→ **Exercise brief**
Among the records, how many lines contain "with"? Only the number is needed.
****
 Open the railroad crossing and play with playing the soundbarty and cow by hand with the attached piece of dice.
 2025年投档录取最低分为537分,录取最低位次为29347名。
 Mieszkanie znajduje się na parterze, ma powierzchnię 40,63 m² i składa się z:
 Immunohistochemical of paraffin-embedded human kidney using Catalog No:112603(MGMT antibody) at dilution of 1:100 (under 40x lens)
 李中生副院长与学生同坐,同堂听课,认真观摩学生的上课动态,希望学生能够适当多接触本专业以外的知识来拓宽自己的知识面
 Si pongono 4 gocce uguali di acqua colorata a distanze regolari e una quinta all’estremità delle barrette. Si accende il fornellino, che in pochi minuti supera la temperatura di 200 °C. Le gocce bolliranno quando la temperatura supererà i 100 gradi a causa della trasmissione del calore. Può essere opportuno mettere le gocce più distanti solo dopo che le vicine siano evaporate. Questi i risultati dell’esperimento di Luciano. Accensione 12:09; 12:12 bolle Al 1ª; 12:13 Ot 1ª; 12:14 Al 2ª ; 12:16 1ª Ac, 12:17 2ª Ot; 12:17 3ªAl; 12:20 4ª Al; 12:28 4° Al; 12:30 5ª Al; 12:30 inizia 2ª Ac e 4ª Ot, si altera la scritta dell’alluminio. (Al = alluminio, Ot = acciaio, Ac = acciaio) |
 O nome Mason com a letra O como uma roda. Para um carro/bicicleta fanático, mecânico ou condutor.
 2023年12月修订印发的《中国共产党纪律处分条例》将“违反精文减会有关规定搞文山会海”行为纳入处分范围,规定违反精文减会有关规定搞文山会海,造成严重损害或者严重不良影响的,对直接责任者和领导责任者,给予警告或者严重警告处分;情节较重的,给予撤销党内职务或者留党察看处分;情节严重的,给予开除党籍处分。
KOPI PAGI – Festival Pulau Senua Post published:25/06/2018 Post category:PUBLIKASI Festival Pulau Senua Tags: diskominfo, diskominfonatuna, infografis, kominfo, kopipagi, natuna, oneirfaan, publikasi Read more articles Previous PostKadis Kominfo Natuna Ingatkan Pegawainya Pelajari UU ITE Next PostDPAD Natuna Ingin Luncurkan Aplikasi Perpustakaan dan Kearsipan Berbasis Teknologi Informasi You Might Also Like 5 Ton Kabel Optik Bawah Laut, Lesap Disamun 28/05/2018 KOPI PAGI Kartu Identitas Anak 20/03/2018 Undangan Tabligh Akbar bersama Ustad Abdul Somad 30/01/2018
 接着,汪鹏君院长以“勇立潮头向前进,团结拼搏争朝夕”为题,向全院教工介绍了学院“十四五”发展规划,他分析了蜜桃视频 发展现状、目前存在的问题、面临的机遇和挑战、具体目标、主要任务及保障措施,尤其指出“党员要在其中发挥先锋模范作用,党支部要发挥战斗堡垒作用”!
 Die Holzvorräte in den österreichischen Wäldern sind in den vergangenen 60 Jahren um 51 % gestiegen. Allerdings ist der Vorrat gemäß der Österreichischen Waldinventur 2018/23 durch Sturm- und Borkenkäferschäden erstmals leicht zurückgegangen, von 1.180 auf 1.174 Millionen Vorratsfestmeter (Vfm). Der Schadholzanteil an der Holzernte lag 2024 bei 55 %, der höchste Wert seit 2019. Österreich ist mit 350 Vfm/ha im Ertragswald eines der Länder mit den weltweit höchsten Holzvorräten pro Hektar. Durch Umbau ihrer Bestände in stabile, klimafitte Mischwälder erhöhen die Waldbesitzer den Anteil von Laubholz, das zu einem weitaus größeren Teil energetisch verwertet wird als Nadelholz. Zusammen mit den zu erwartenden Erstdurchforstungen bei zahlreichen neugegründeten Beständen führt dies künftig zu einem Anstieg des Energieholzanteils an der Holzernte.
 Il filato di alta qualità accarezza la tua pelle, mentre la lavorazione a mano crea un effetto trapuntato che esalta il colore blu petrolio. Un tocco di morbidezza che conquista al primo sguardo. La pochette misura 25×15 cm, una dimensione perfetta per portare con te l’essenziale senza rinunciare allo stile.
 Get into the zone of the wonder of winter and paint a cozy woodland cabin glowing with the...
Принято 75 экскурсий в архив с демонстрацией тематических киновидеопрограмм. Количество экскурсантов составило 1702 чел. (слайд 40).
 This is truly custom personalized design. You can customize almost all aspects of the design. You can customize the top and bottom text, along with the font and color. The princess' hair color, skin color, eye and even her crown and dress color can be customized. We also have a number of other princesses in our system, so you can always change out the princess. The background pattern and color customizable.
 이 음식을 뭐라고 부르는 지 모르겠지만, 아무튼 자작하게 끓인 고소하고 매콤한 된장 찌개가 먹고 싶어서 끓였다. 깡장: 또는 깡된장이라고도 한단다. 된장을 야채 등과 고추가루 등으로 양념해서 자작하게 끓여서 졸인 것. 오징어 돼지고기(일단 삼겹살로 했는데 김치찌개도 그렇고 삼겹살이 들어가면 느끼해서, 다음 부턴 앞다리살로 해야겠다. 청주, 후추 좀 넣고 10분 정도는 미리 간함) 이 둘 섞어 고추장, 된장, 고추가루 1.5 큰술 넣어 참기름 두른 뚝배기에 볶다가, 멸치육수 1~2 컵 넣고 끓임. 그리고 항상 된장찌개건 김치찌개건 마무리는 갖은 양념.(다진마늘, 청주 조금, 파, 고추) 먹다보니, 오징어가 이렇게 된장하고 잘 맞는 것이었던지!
****
→ **Solution to this task**
3